According to an embodiment of the present invention, the body portion comprises a fluid feeding system. The fluid feeding system comprises a pressure sensor configured to detect a pressure change in at least two channels of an interdental probe of the interdental space detection component to determine whether the at least two channels are both blocked by two neighboring teeth of an interdental space and to provide an output signal indicative of a presence of teeth on at least two sides of the interdental probe.

According to an embodiment of the present invention, the body portion further comprises a controller. The controller is configured to receive an output signal from at least one of the interdental space detection component and the pressure sensor of the body portion, and to process the received output signal. The controller is further configured to control the oral care device to adapt an oral care action based on a result of the processing.

In this detailed description of the present disclosure, a person skilled in the art should note that directional terms, such as “above,” “below,” “upper,” “lower,” and other like terms are used for the convenience of the reader in reference to the drawings. Also, a person skilled in the art should notice this description may contain other terminology to convey position, orientation, and direction without departing from the principles of the present disclosure.

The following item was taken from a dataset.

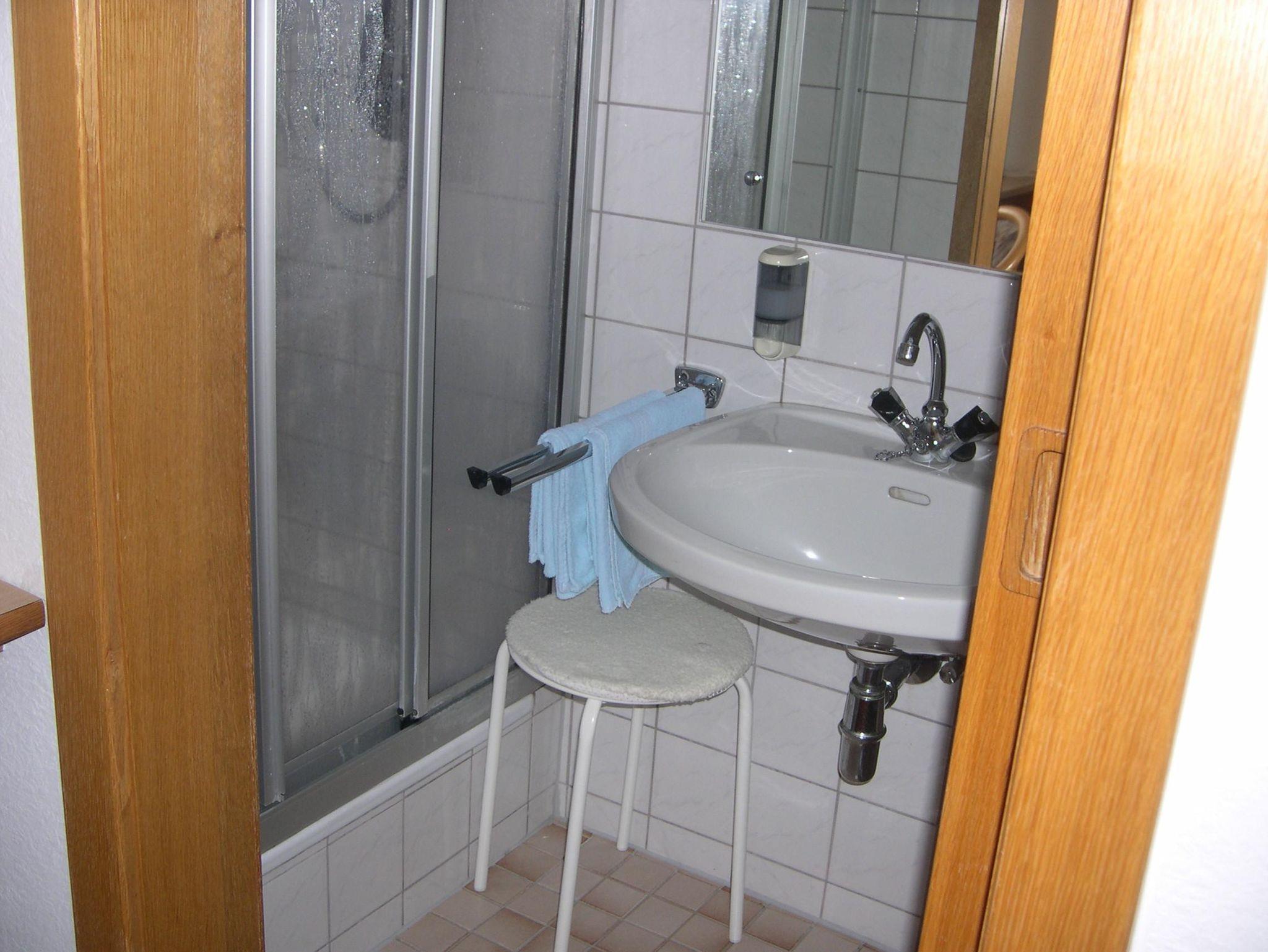 Sonstige Ausstattung: Duschgel, Seife, Kosmetikspiegel, Fön, Gästepantoffel.

Furthermore, in this detailed description, a person skilled in the art should note that quantitative qualifying terms such as “generally,” “substantially,” “mostly,” and other terms are used, in general, to mean that the referred to object, characteristic, or quality constitutes a majority of the subject of the reference. The meaning of any of these terms is dependent upon the context within which it is used, and the meaning may be expressly modified.

The term “controller” is used generally to describe various apparatus relating to the operation of a stream probe apparatus, system, or method. A controller can be implemented in numerous ways (e.g., such as with dedicated hardware) to perform various functions discussed herein. A “processor” is one example of a controller which employs one or more microprocessors that may be programmed using software (e.g., microcode) to perform various functions discussed herein. A controller may be implemented with or without employing a processor, and also may be implemented as a combination of dedicated hardware to perform some functions and a processor (e.g., one or more programmed microprocessors and associated circuitry) to perform other functions. Examples of controller components that may be employed in various embodiments of the present disclosure include, but are not limited to, conventional microprocessors, application specific integrated circuits (ASICs), and field-programmable gate arrays (FPGAs). These and other aspects of the present invention will become apparent from and be elucidated with reference to the embodiments described hereinafter.

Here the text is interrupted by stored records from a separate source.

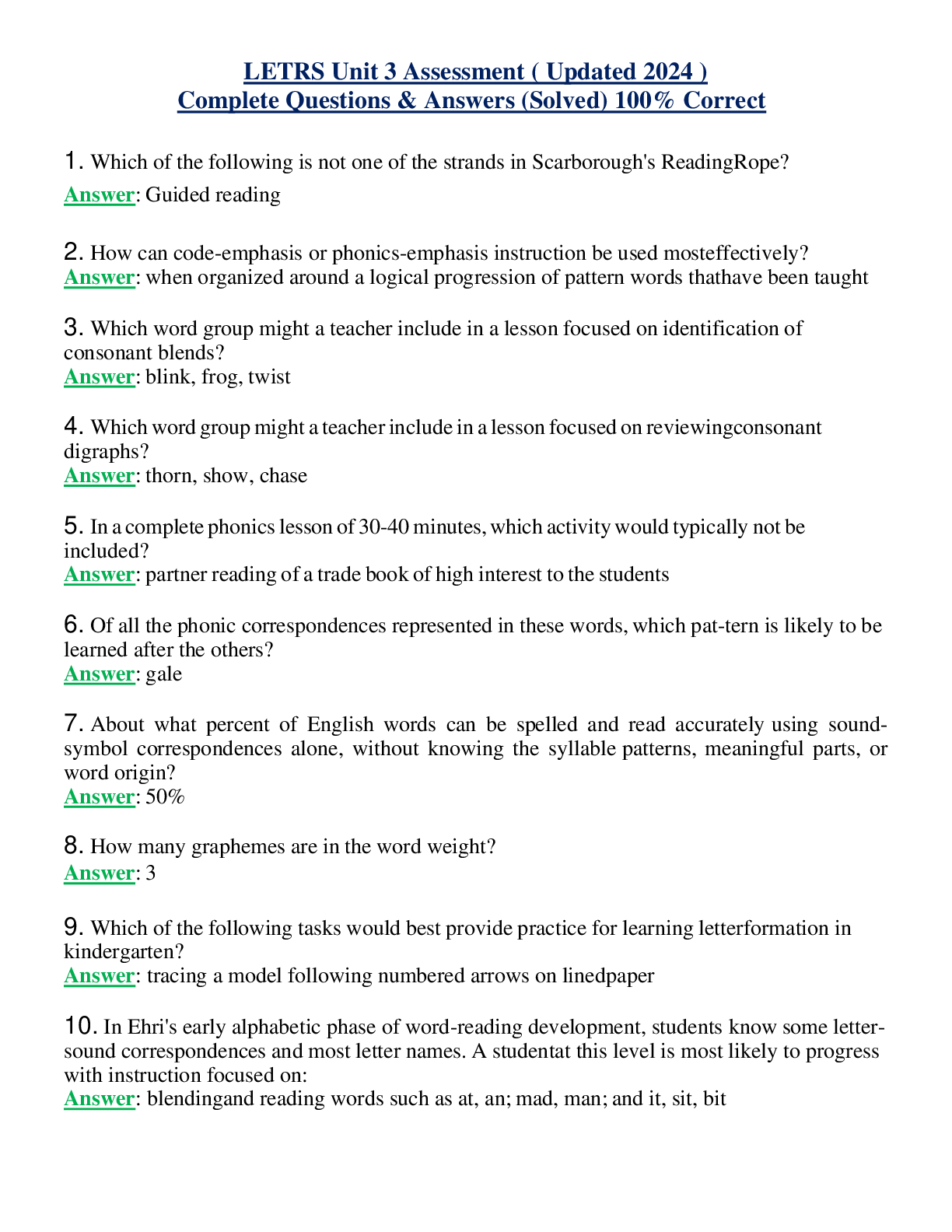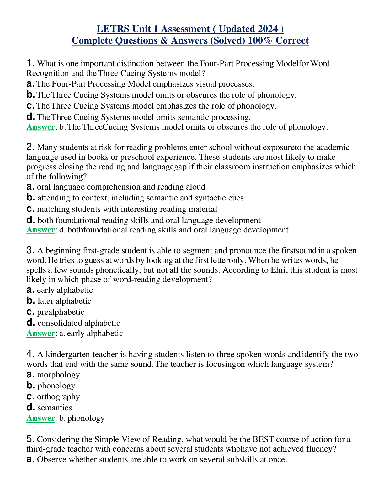 LETRS > EXAM > LETRS Unit 2 Assessment ( Updated 2024 ) Complete Questions & Answers (Solved) 100% Correct (All)
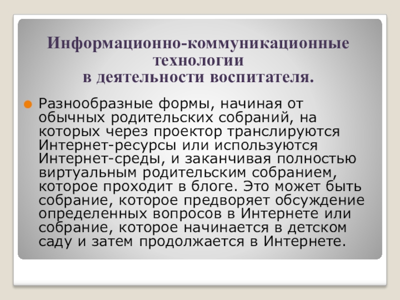 обычных родительских собраний, на которых через проектор транслируются Интернет-ресурсы или используются Интернет-среды, и заканчивая полностью виртуальным родительским собранием, которое проходит в блоге. Это может быть собрание, которое предворяет обсуждение определенных вопросов в Интернете или собрание, которое начинается в детском саду и затем продолжается в Интернете.
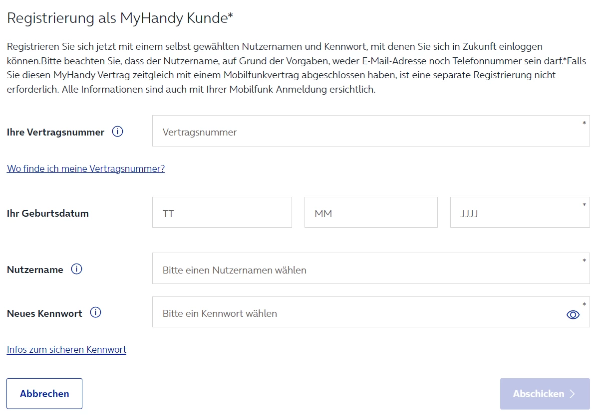 Eine neue Registrierung halte ich in dem Falle nicht für sinnvoll, da es ja bereits ein bestehendes Konto gibt unter dem ich alle MyHandy Verträge finde.
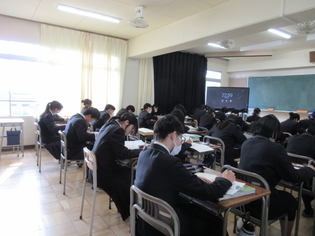 来週の学年末テストに向けて、各教科でテスト前の復習や、テスト範囲の問題演習等を行っていました。2Aは社会、2Bは英語に取り組んでいました。2年生での定期テストは、学年末テストが最後です。3学期のまとめとして頑張りましょう。
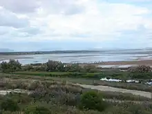 Running through the Hoya of Antequera is the upper portion of the Guadalhorce, which flows into the Mediterranean Sea near the city of Málaga. The plain consists of rolling fields dotted with hills. Water is abundant. Rainfall, unable to form streams on this uneven terrain, accumulates in the center, forming lagoons such as the Campillos Lagoons, Archidona Lagoons, Ratosa Laguna, and the largest, the Fuente de Piedra Lagoon, birthplace to thousands of flamingoes every year.
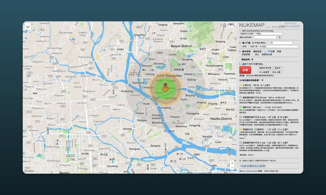 這個網站用來模擬核彈爆炸的影響,你可以選擇任意地點,然後選擇某個型號的核彈,看看附近會有什麼影響。

In various implementations, a processor or controller may be associated with one or more storage media (generically referred to herein as “memory,” e.g., volatile and non-volatile computer memory). In some implementations, the storage media may be encoded with one or more programs that, when executed on one or more processors and/or controllers, perform at least some of the functions discussed herein. Various storage media may be fixed within a processor or controller or may be transportable, such that the one or more programs stored thereon can be loaded into a processor or controller so as to implement various aspects of the present disclosure discussed herein. The terms “program” or “computer program” are used herein in a generic sense to refer to any type of computer code (e.g., software or microcode) that can be employed to program one or more processors or controllers.

The term “user interface” as used herein refers to an interface between a human user or operator and one or more devices that enables communication between the user and the device(s). Examples of user interfaces that may be employed in various implementations of the present disclosure include, but are not limited to, switches, potentiometers, buttons, dials, sliders, track balls, display screens, various types of graphical user interfaces (GUIs), touch screens, microphones and other types of sensors that may receive some form of human-generated stimulus and generate a signal in response thereto.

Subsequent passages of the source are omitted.